= WORK TO BE COMPLETED =
Your answer must be the data repeated exactly, with no pictures in it.

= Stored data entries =
--------------------------------

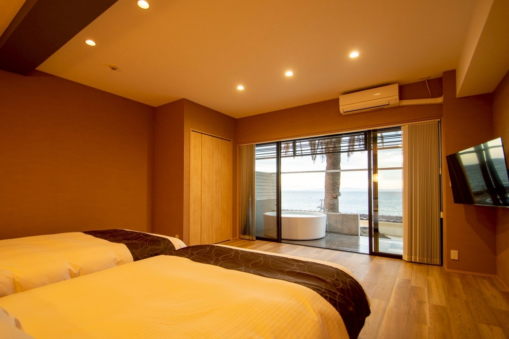 Wサイズベッド2台・4人掛けダイニングテーブル・洗面・トイレ・シャワールーム・テラス浴槽(セルフ給湯式)
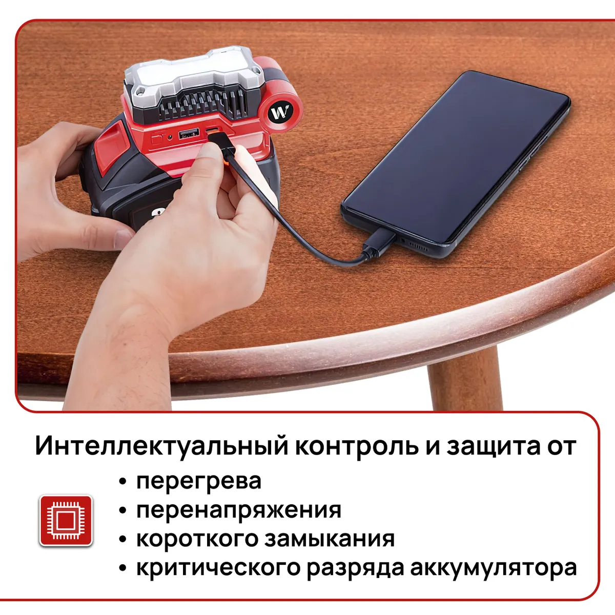 Адаптер-преобразователь WORCRAFT – это настоящее спасение, когда вы находитесь на объекте, вдали от розетки. Представьте, что ваш телефон разрядился в самый неподходящий момент, когда нужно срочно сделать звонок или проверить почту. С этим адаптером достаточно подключить его к аккумулятору вашего инструмента, и проблема решена. Больше не нужно искать розетку или просить о помощи – у вас всегда под рукой источник энергии.
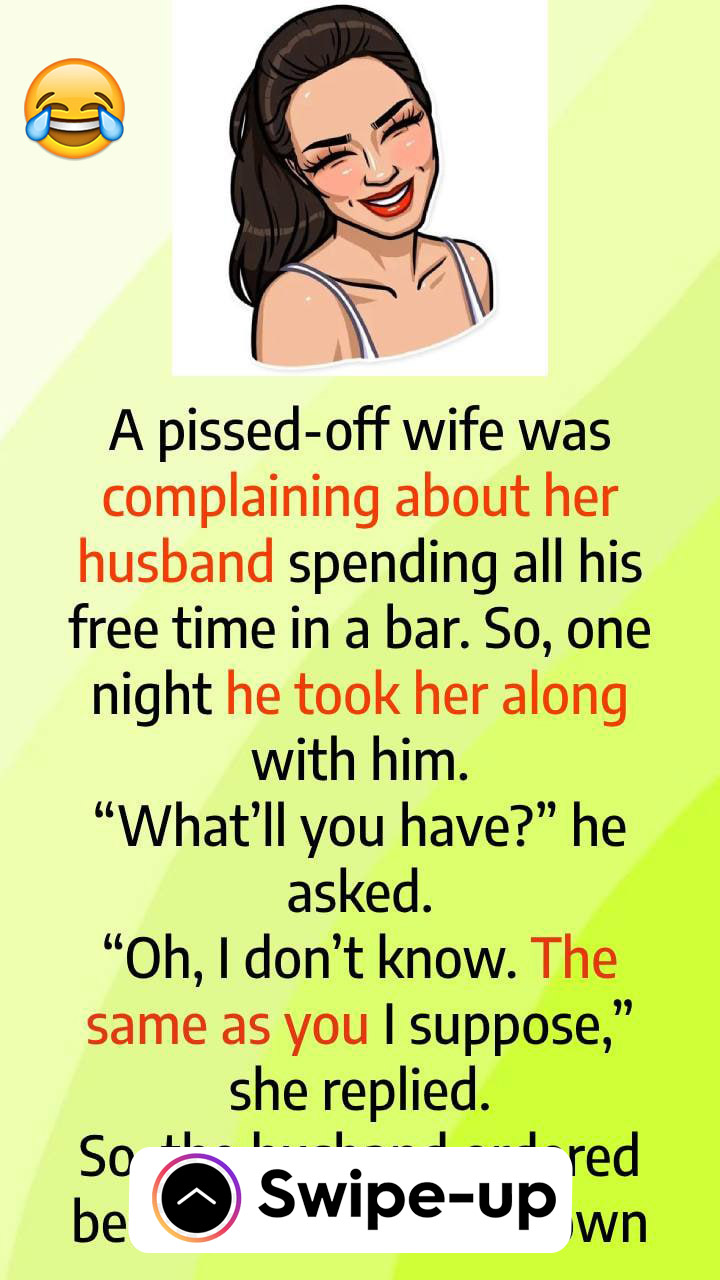 A pissed-off wife was complaining about her husband spending all his free time in a bar. So, one night he took her along with him.
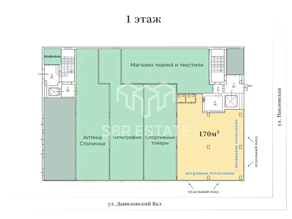 Аренда торгового помещения площадью 170 м2 расположенного по адресу: Москва, Павловская улица, 18с2 (5 минут пешком от метро Тульская).
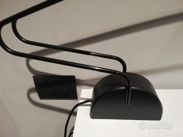 Lampada da tavolo vintage, design minimalista postmoderno, in metallo e plastica nere, con impostazioni di luminosità alta e bassa tramite interruttore cromato laterale. Altezza 41 cm, larghezza 66 cm, profondità 6 cm.
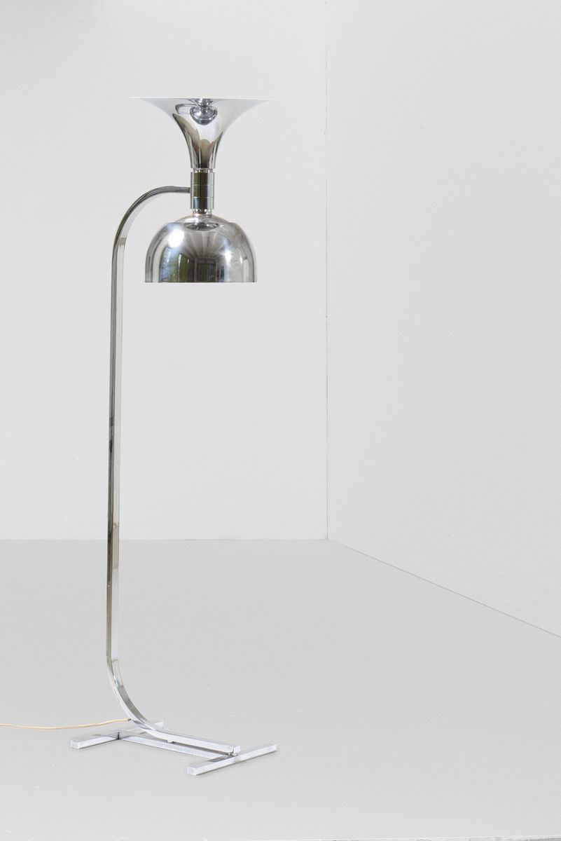 Lampada da terra con struttura e diffusore in metallo cromato.
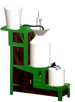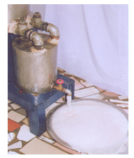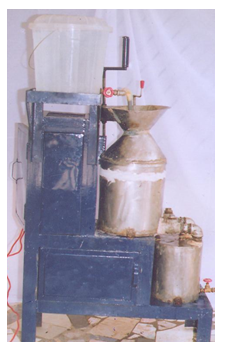 The sieving operation was achieved by tightening back the two nuts to the central shaft, in order to allow the rotation of the perforated drum and central shaft together.Water is released into the system from water tank mounted on the side of the machine frame. Due to centrifugal force generated, the milled starch/milk is seperated from the paste by passing through the sieve (muslin cloth) and collected in the collection tank. The system was allowed to run for 30 seconds before switched off when water in the water tank has reached the desired level. The outletvalve of the starch tank is opened and milled starch/milled is then received as shown in Figure 5. The cover is then unscrewed and swung for the residue to be packed out, and the system cleaned for the next operation.

--------------------------------

= ANSWER BOX =
 Wサイズベッド2台・4人掛けダイニングテーブル・洗面・トイレ・シャワールーム・テラス浴槽(セルフ給湯式)
 Адаптер-преобразователь WORCRAFT – это настоящее спасение, когда вы находитесь на объекте, вдали от розетки. Представьте, что ваш телефон разрядился в самый неподходящий момент, когда нужно срочно сделать звонок или проверить почту. С этим адаптером достаточно подключить его к аккумулятору вашего инструмента, и проблема решена. Больше не нужно искать розетку или просить о помощи – у вас всегда под рукой источник энергии.
 A pissed-off wife was complaining about her husband spending all his free time in a bar. So, one night he took her along with him.
 Аренда торгового помещения площадью 170 м2 расположенного по адресу: Москва, Павловская улица, 18с2 (5 минут пешком от метро Тульская).
 Lampada da tavolo vintage, design minimalista postmoderno, in metallo e plastica nere, con impostazioni di luminosità alta e bassa tramite interruttore cromato laterale. Altezza 41 cm, larghezza 66 cm, profondità 6 cm.
 Lampada da terra con struttura e diffusore in metallo cromato.
 The sieving operation was achieved by tightening back the two nuts to the central shaft, in order to allow the rotation of the perforated drum and central shaft together.Water is released into the system from water tank mounted on the side of the machine frame. Due to centrifugal force generated, the milled starch/milk is seperated from the paste by passing through the sieve (muslin cloth) and collected in the collection tank. The system was allowed to run for 30 seconds before switched off when water in the water tank has reached the desired level. The outletvalve of the starch tank is opened and milled starch/milled is then received as shown in Figure 5. The cover is then unscrewed and swung for the residue to be packed out, and the system cleaned for the next operation.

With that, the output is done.